The plane then turned north, passing over Lithuania, Latvia, and Estonia, before crossing the Gulf of Finland and entering Finnish airspace. Once there, it conducted a number of orbits, particularly in the southeastern end of the country facing Russia's Lake Ladoga and the strategic port city of St. Petersburg, before returning to base.
St. Petersburg is home to the headquarters for Russia's Western Military District and elements of the Russian Navy's Baltic Fleet.
With the exception of Finland, all of the other countries that the RC-135W flew over in the course of this sortie are NATO members.

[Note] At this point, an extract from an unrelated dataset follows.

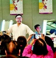 2022年11月,多元粤剧节目亮相香港“粤剧日”活动。图为粤剧演员向观众示范粤剧化妆。香港特区政府新闻处图片

A statement today from the Finnish Defense Forces, or Puolustusvoimat, strongly suggests that this is the first time that a U.S. Air Force RC-135V/W Rivet Joint, or any other U.S. military crewed or uncrewed intelligence, surveillance, and reconnaissance (ISR) aircraft, has conducted a routine mission inside Finnish airspace in coordination with that country's government.

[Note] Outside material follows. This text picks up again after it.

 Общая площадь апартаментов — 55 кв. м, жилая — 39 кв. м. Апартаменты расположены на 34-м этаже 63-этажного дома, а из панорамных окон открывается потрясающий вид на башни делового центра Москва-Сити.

"The Finnish Defence Forces carries out surveillance flights in Finnish airspace together with key international partners," the statement says. "The first flight will be conducted in cooperation with the United States on Thursday 23 March 2023."
However, the statement does not say what type of U.S. aircraft would be conducting that sortie and that "for operational security reasons, the details of the flights cannot be published."
The specific objectives of the flight are unknown. The War Zone has reached out to the Air Force for more information.
"There have been no changes in Finland's military security situation or environment in the recent past," the Finnish Defense Forces statement stresses.
"Flight operations with international partners is art of normal bilateral and multilateral cooperation. The flights develop the interoperability of the Finnish Defence Forces, improve the common situational awereness [sic] and strengthen national defense," it continues. "The flights show a mutual commitment to developing defense cooperation."
The general structure of 62-4131's flight path today is very much in line with Rivet Joint sorties routinely observed elsewhere in Europe, as well as in other locations around the world. The C-135-based ISR aircraft, examples of which are in service with the U.S. Air Force and the Royal Air Force in the United Kingdom, are very powerful signals intelligence (SIGINT) platforms.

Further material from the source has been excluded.